> What you have to do
Please copy the records below word for word, leaving out the pictures.

+++++

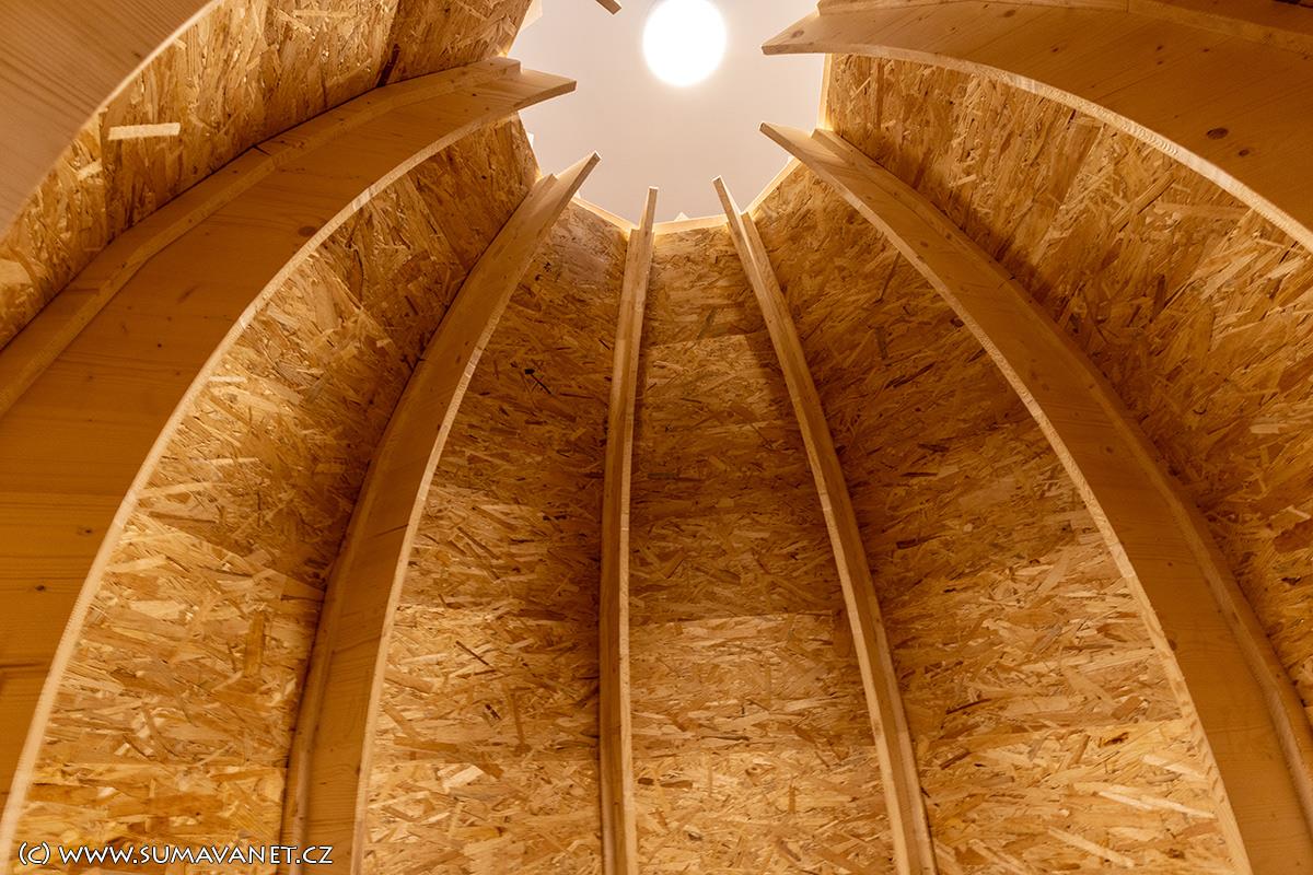 Vznikla v rámci projektu přeshraniční spolupráce Česká republika – Svobodný stát Bavorsko: 133 - Dřevařství na Šumavě a v Bavorském lese, Forst- und Holzwirtschaft im Böhmerwald und im Bayerischen Wald, libreto vytvořili pracovníci Západočeské univerzity v Plzni.Expozice objasňuje, proč a jak byl osud obce Dlouhá Ves za vlastnictví rodu Schwarzenbergů spojen s rozvojem dřevařství, jak „zlatý brouček“ ovlivnil život obyvatel Šumavy. Ukazuje také typické dřevařské činnosti a nářadí při něm používané, stejně jako se dotýká i každodenního života dřevařů – od typických dřeváků zvaných nejšle až po důchodový přídělový systém, který rod Schwarzenbergů pro své dřevaře vytvořil již v 19. století.
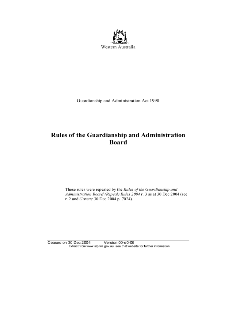 Western AustraliaGuardianship and Administration Act 1990Rules of the Guardianship and Administration Barthes rules were repealed by the Rules of the Guardianship and Administration Board (Repeal)
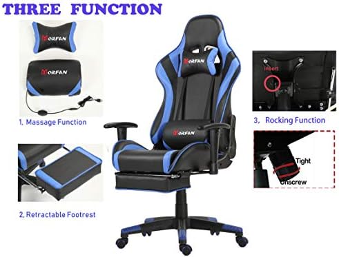 Morfan Gaming Chair New Dimension with Footrest Therapeutic massage and Rocking Perform Ergonomic Design Pc Workplace Chair Enjoyable Lunch Break (Blue)
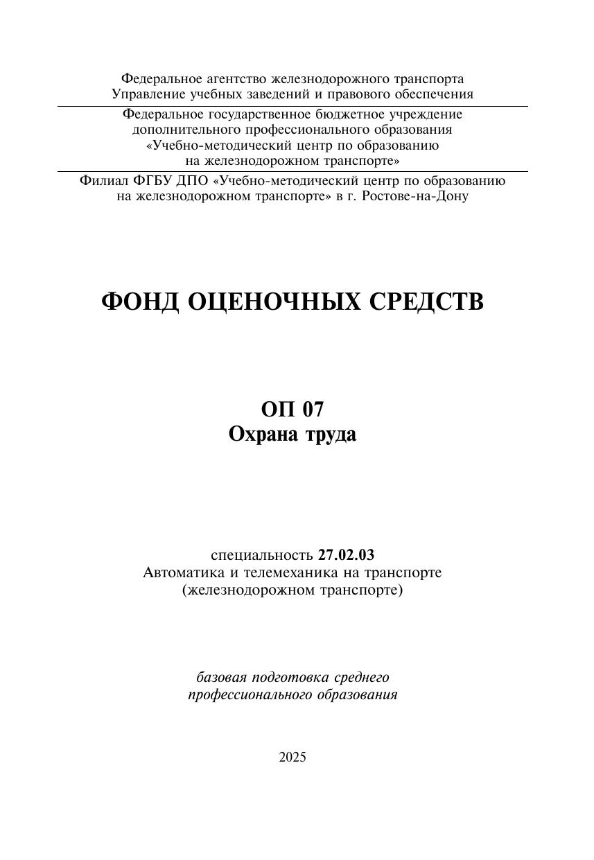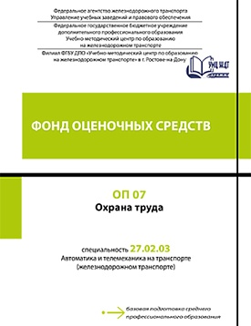 Колоскова, Е.В. Фонд оценочных средств ОП 07 Охрана труда : фонд оценочных средств / Е. В. Колоскова. — Москва : УМЦ ЖДТ, 2025. — 76 с. — Текст : электронный // УМЦ ЖДТ : электронная библиотека. — URL: https://umczdt.ru/books/1242/296589/ (дата обращения 08.11.2025). — Режим доступа: по подписке.
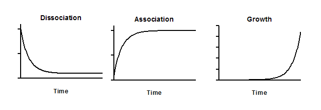 Exponential dissociation vs. association vs. growth
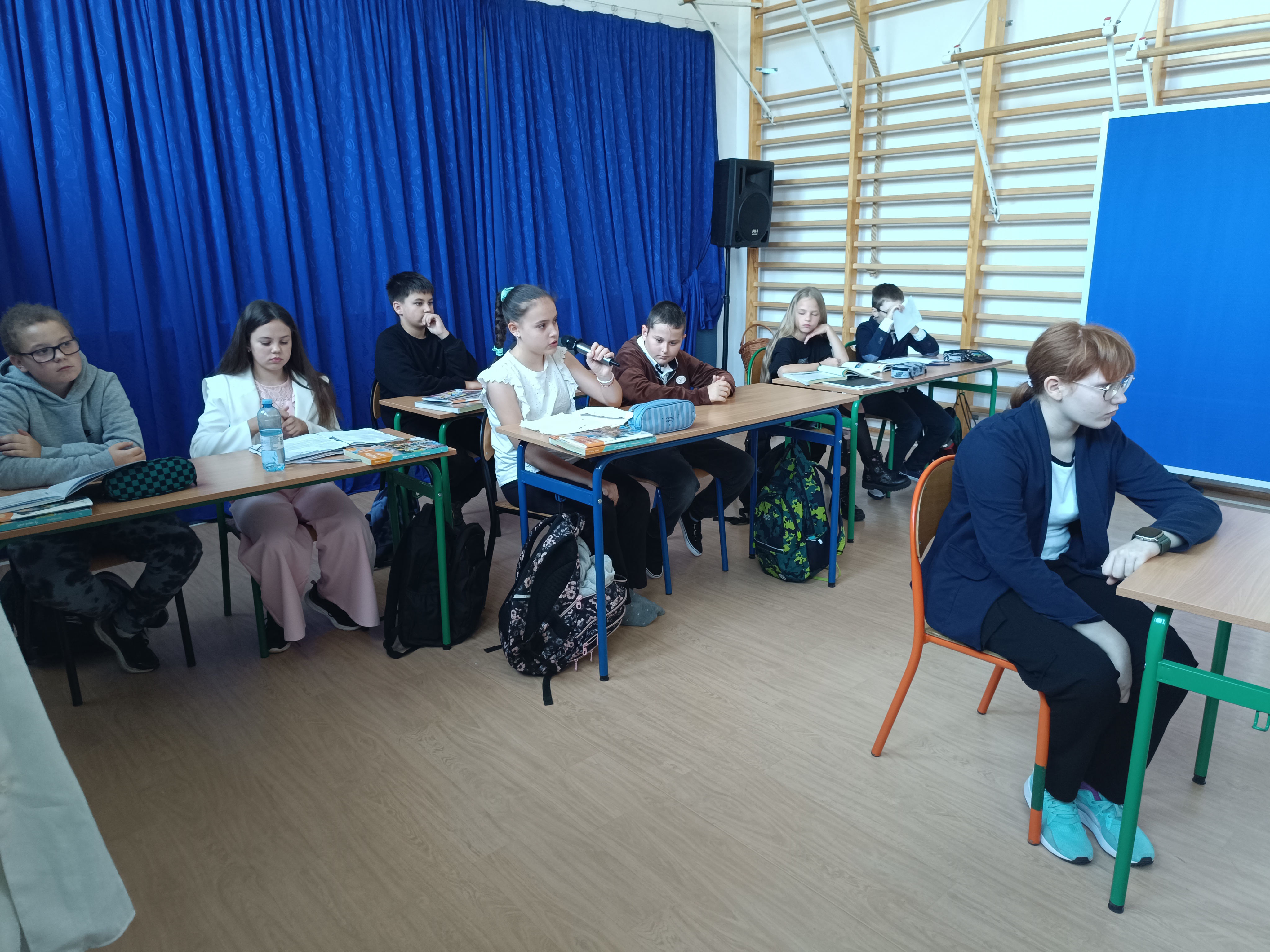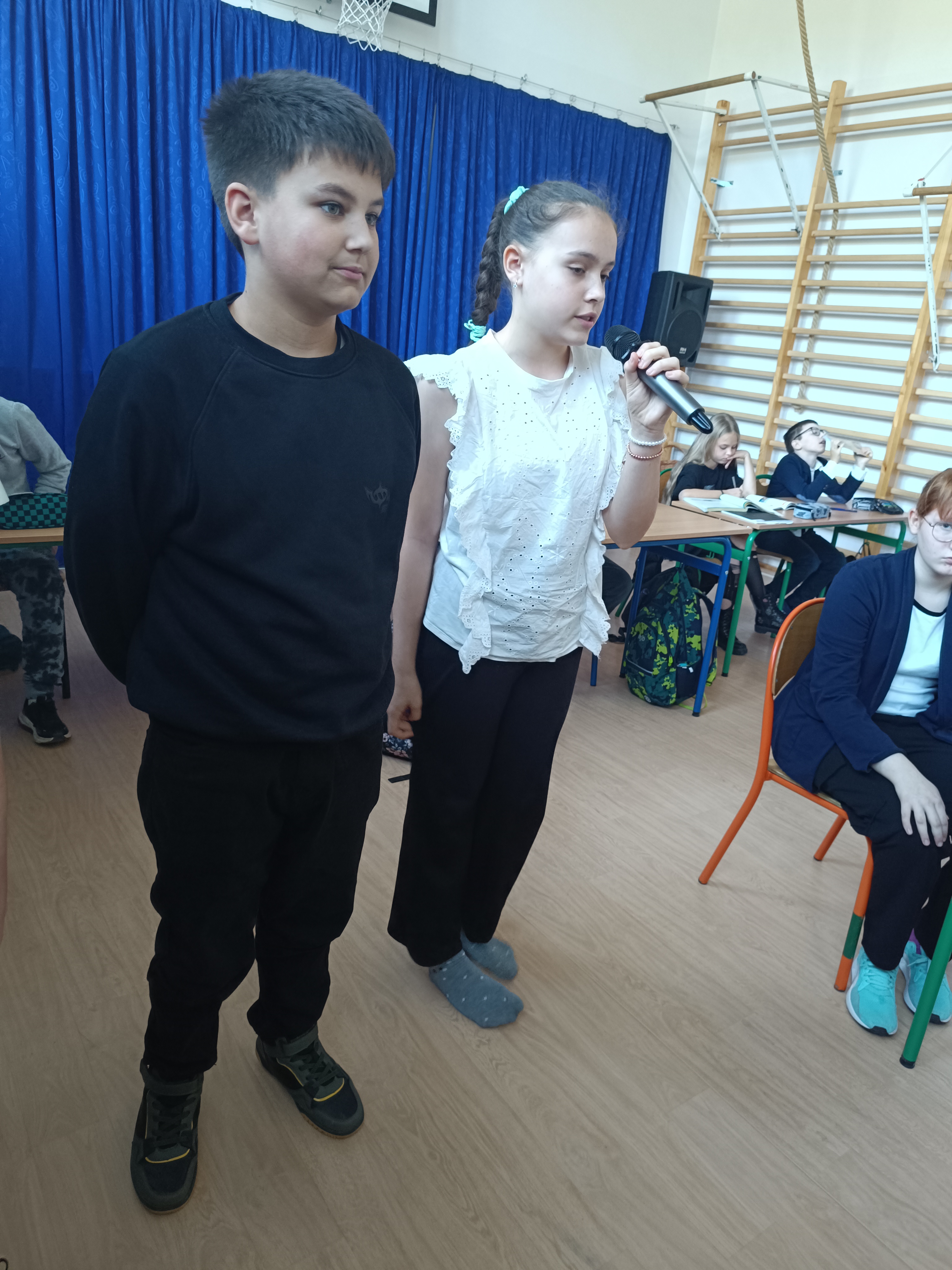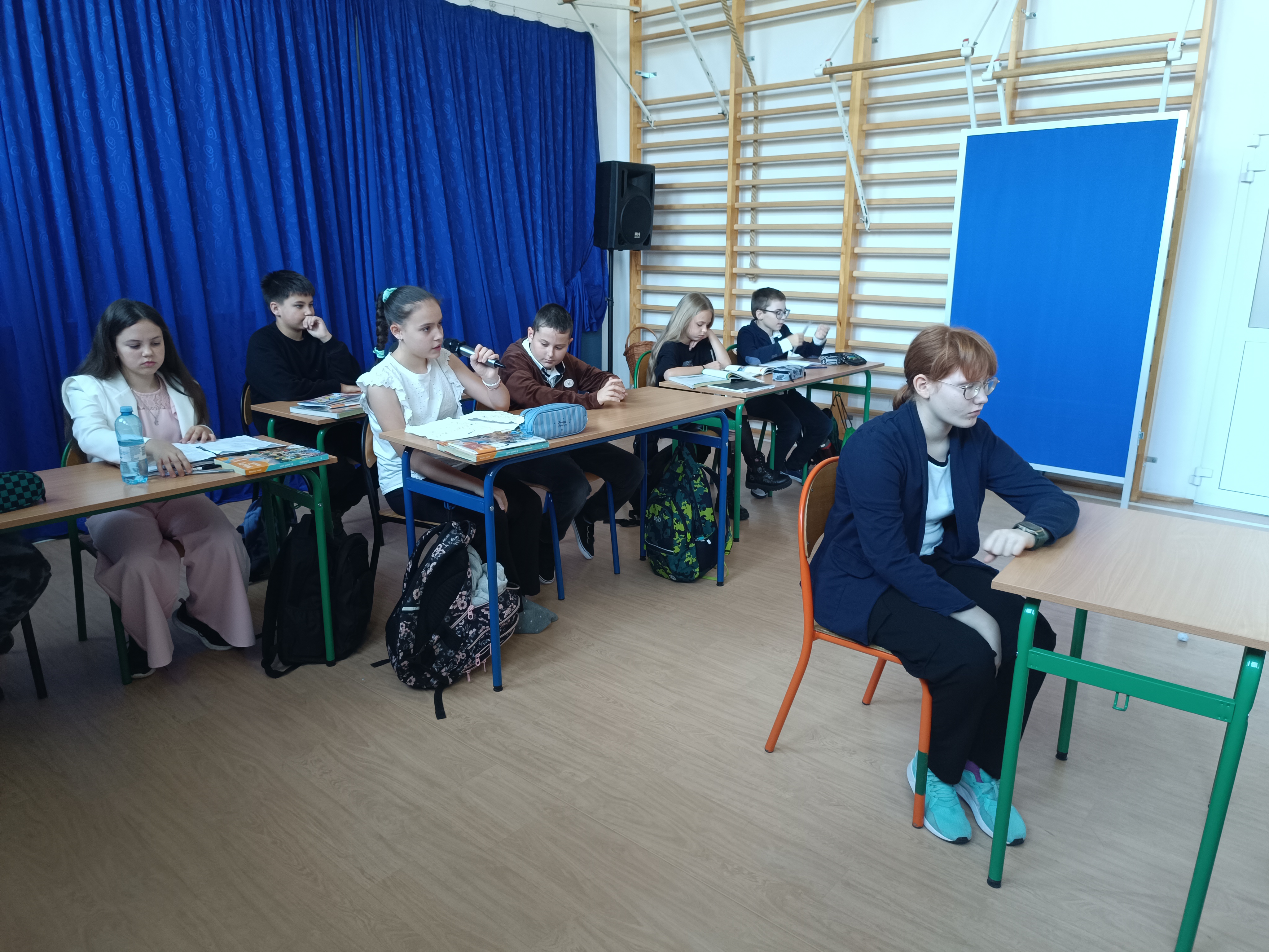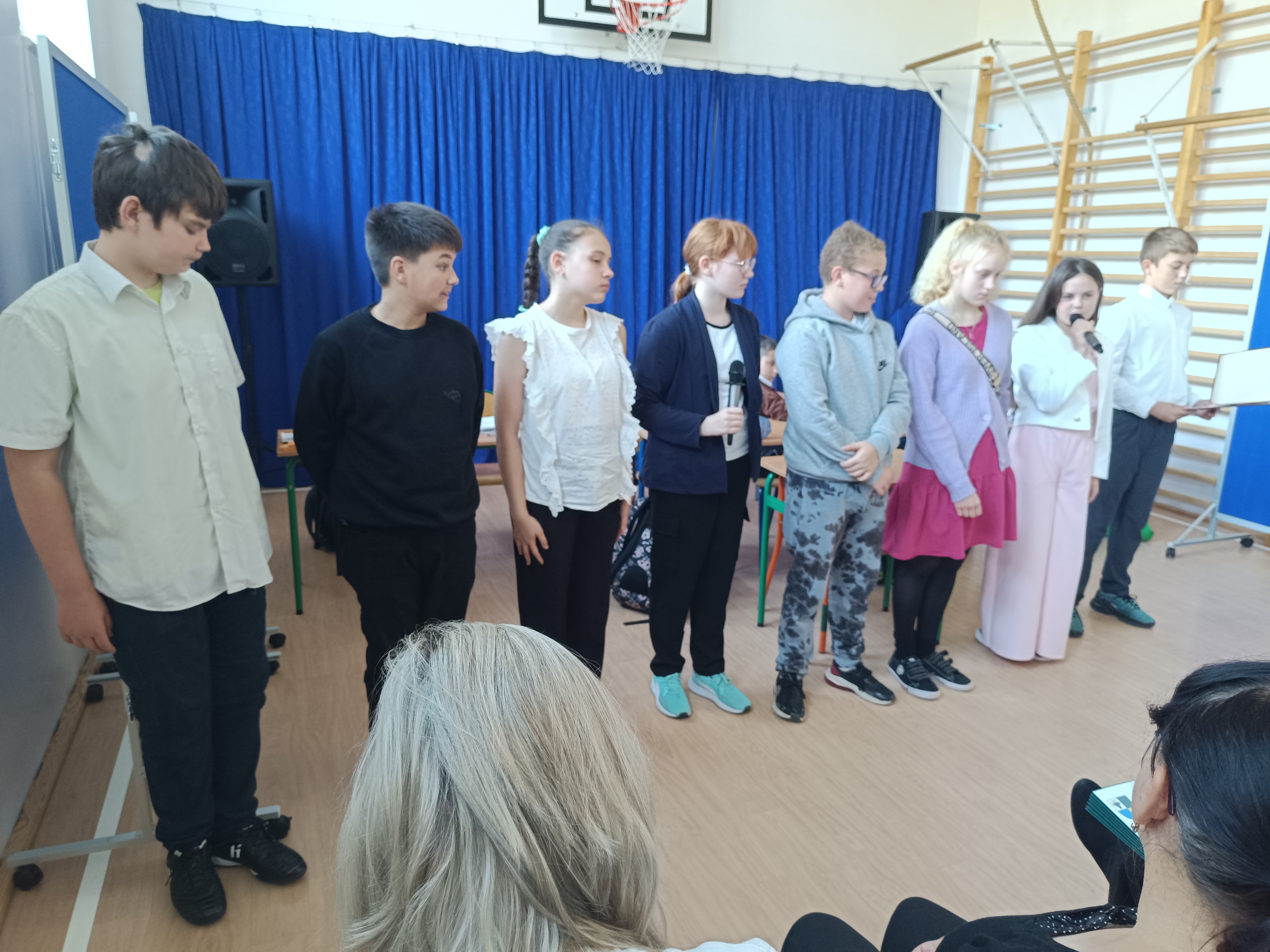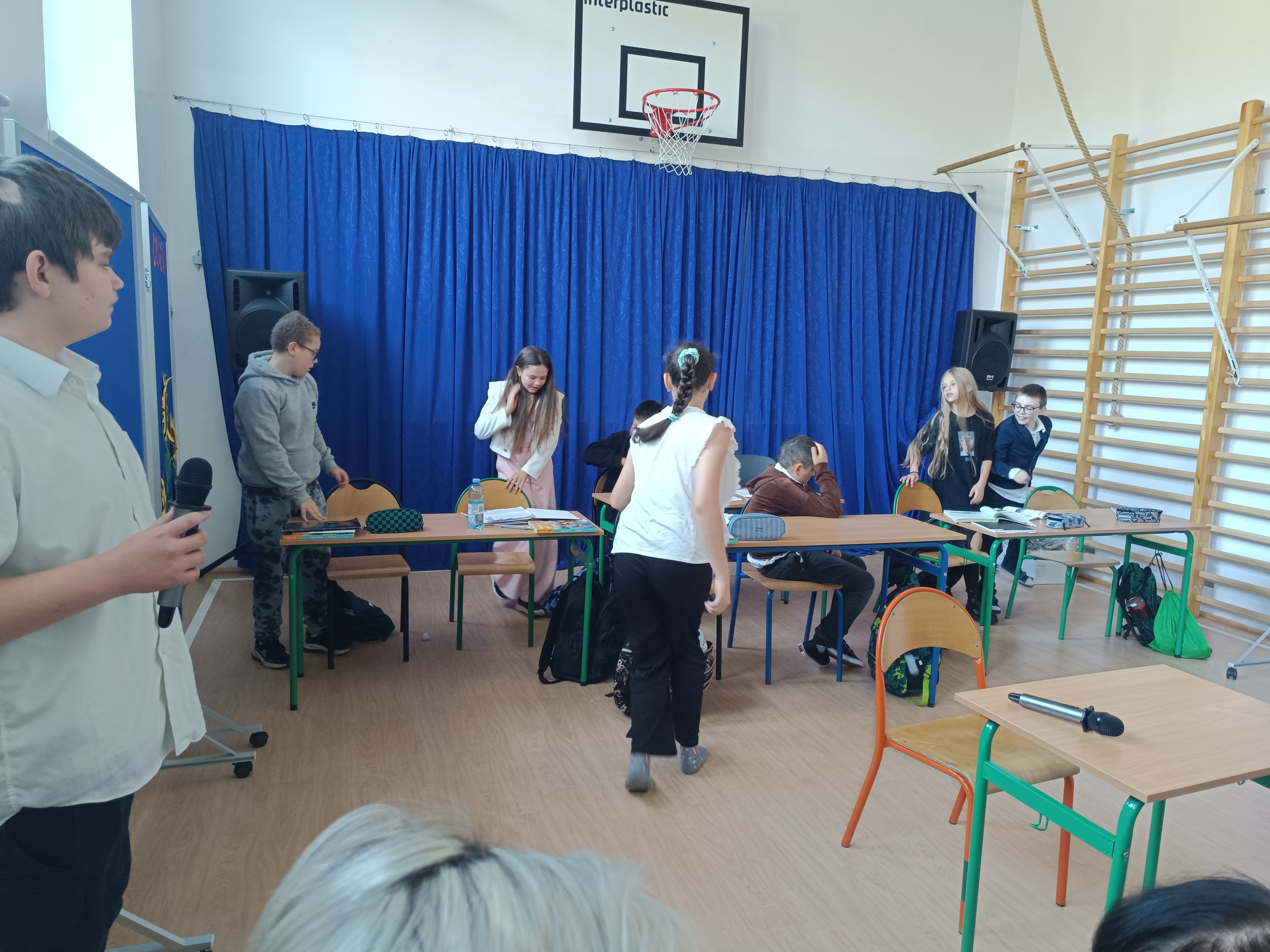 Uczniowie klasy szóstej przygotowali krótki apel, w którym w humorystyczny sposób przedstawili scenki z życia szkolnego i nauczycielskiego. Ich występ dostarczył wszystkim wiele radości i uśmiechu, ukazując codzienność szkoły z przymrużeniem oka.

+++++

> Response to the task
 Vznikla v rámci projektu přeshraniční spolupráce Česká republika – Svobodný stát Bavorsko: 133 - Dřevařství na Šumavě a v Bavorském lese, Forst- und Holzwirtschaft im Böhmerwald und im Bayerischen Wald, libreto vytvořili pracovníci Západočeské univerzity v Plzni.Expozice objasňuje, proč a jak byl osud obce Dlouhá Ves za vlastnictví rodu Schwarzenbergů spojen s rozvojem dřevařství, jak „zlatý brouček“ ovlivnil život obyvatel Šumavy. Ukazuje také typické dřevařské činnosti a nářadí při něm používané, stejně jako se dotýká i každodenního života dřevařů – od typických dřeváků zvaných nejšle až po důchodový přídělový systém, který rod Schwarzenbergů pro své dřevaře vytvořil již v 19. století.
 Western AustraliaGuardianship and Administration Act 1990Rules of the Guardianship and Administration Barthes rules were repealed by the Rules of the Guardianship and Administration Board (Repeal)
 Morfan Gaming Chair New Dimension with Footrest Therapeutic massage and Rocking Perform Ergonomic Design Pc Workplace Chair Enjoyable Lunch Break (Blue)
 Колоскова, Е.В. Фонд оценочных средств ОП 07 Охрана труда : фонд оценочных средств / Е. В. Колоскова. — Москва : УМЦ ЖДТ, 2025. — 76 с. — Текст : электронный // УМЦ ЖДТ : электронная библиотека. — URL: https://umczdt.ru/books/1242/296589/ (дата обращения 08.11.2025). — Режим доступа: по подписке.
 Exponential dissociation vs. association vs. growth
 Uczniowie klasy szóstej przygotowali krótki apel, w którym w humorystyczny sposób przedstawili scenki z życia szkolnego i nauczycielskiego. Ich występ dostarczył wszystkim wiele radości i uśmiechu, ukazując codzienność szkoły z przymrużeniem oka.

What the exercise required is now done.